Meghan admits she lies. I am not surprised. I sometimes lie to people online but only little lies, like how I’m not totally broke even though I am, or how much sleep I get even though I don’t get any sleep. She looks through Janey’s Facebook photos. Eventually she ends up in Janey’s neck of the woods. Janey got her pants. Meghan wants to know. In order to do so Meghan must dress appropriately to discover the shocking truth. Would Janey like her? Would Meghan trust anyone ever again when they said they had her pants?
For some reason Meghan pays for a cab. She doesn’t want to be late. But still cabs are really expensive. I walk everywhere via the soup out of a can lifestyle. Somebody my poor act will pay off when I find a $20 on the ground. Before Meghan gets to the party she drinks at a local bar. She drinks enough to get her pee smelling like strawberry yogurt. Thank you Meghan for ruining my favorite flavor of yogurt now I can never eat it without thinking about urine.

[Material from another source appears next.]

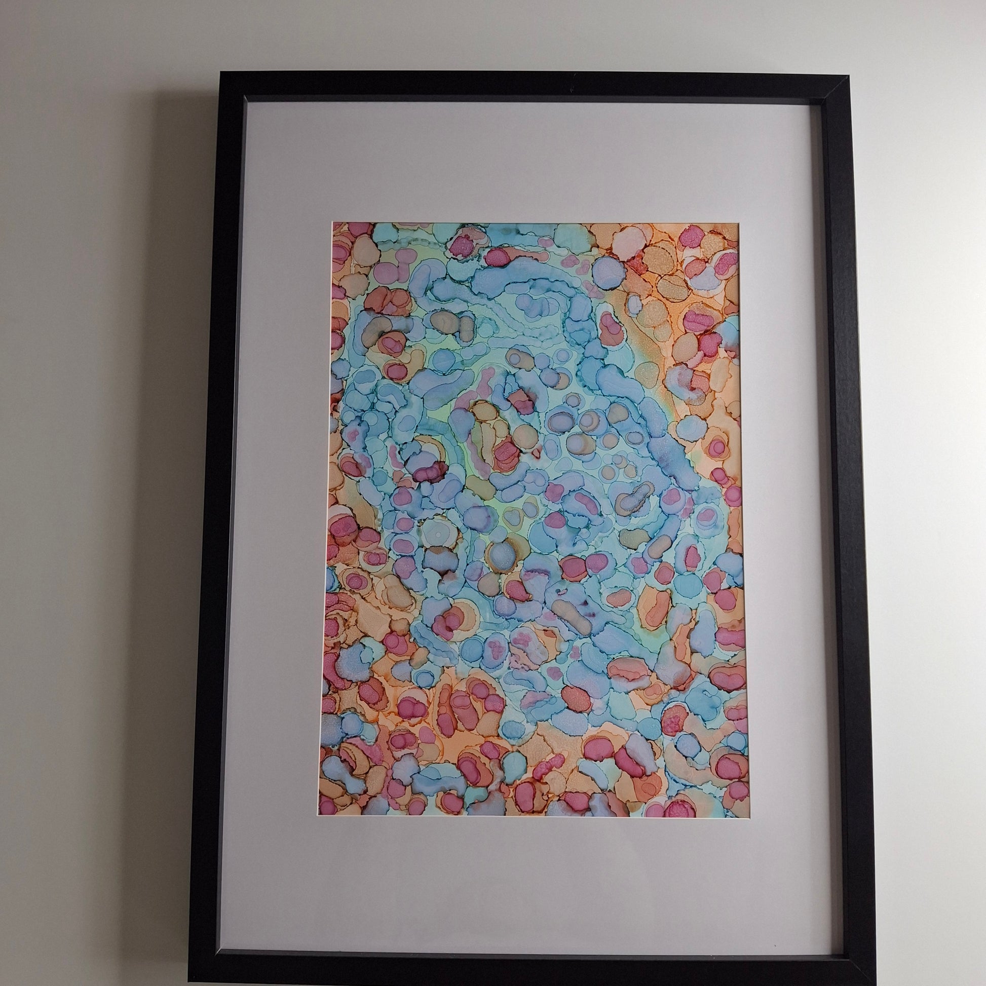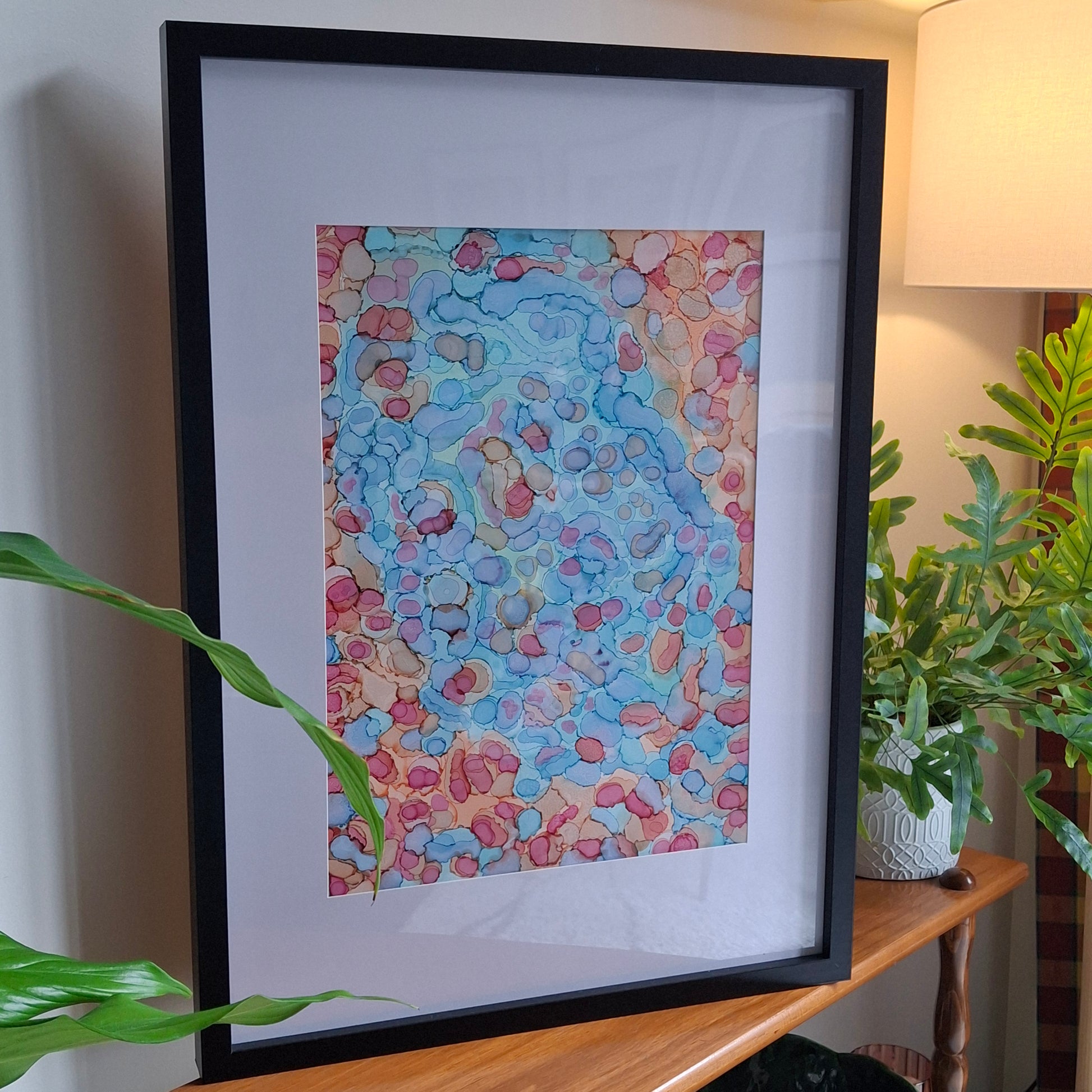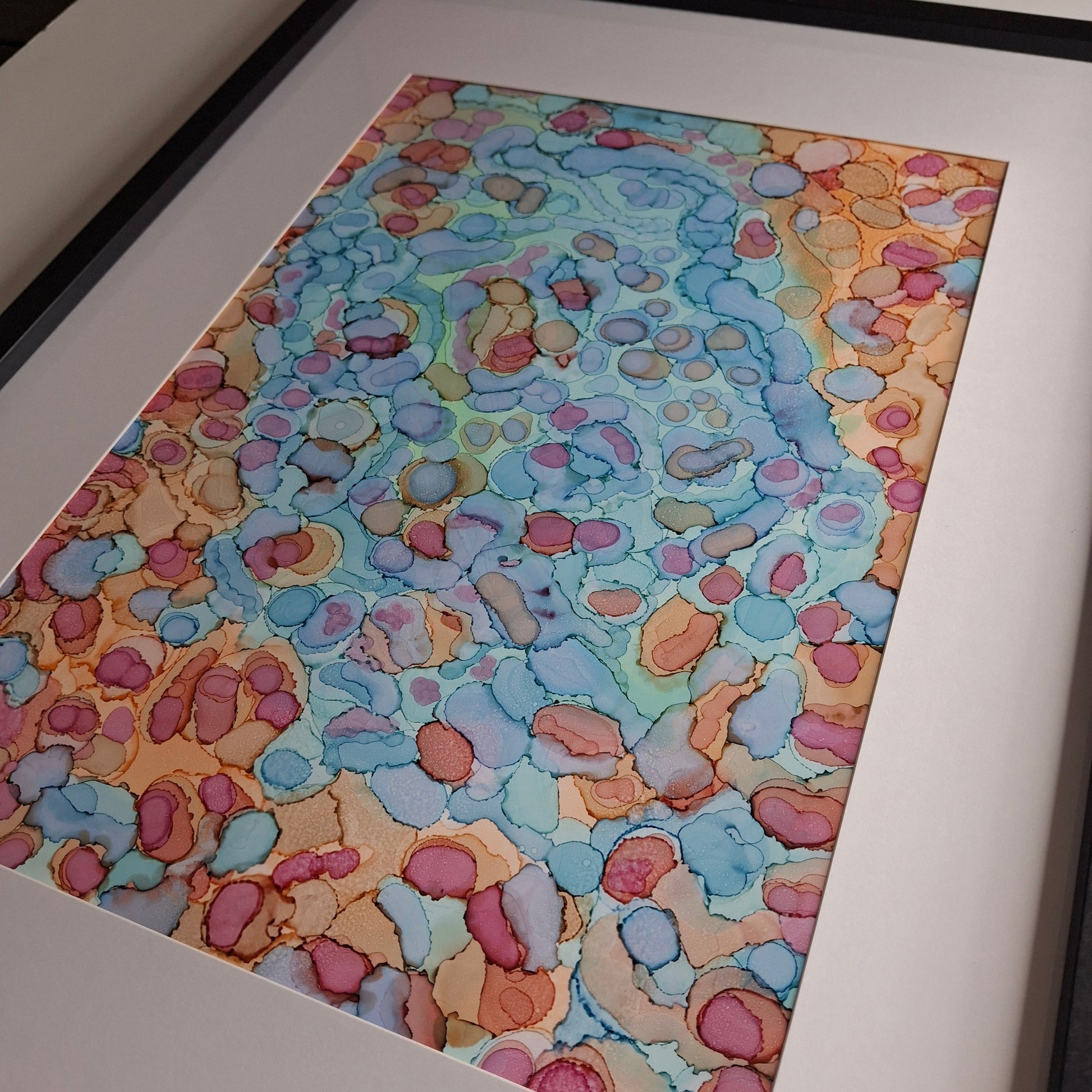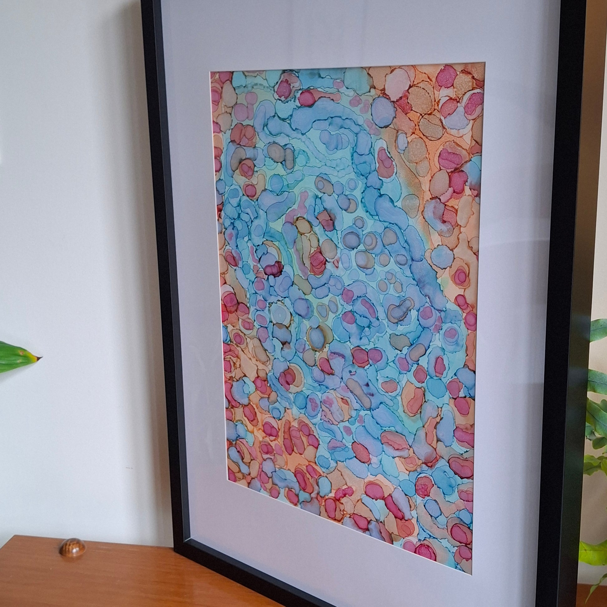 Coral Cay Original Artwork Mixed Blue Green Pink Beige Alcohol Ink A3

Janey and Meghan flirt at the party. I am happy. Glad to hear Janey has big beautiful dark eyes. Those are the best eyes. I feel they are really emphatic eyes. Emphatic eyes are my favorite eyes because I always need a little empathy in my life. Wish Billy Joel was a woman. I would like Billy Joel if he was a woman, or at least dislike the music a little less.
There are some zits chilling on Meghan’s shoulder. Janey wants to pop them. Meghan doesn’t let her, saying ‘that’s fucking gross’. I feel bad for Janey. Parties don’t pop until zits do. Both of them go outside and say some tender, sweet stuff. Of course due to the extreme saccharine nature of their conversation Meghan blacks out.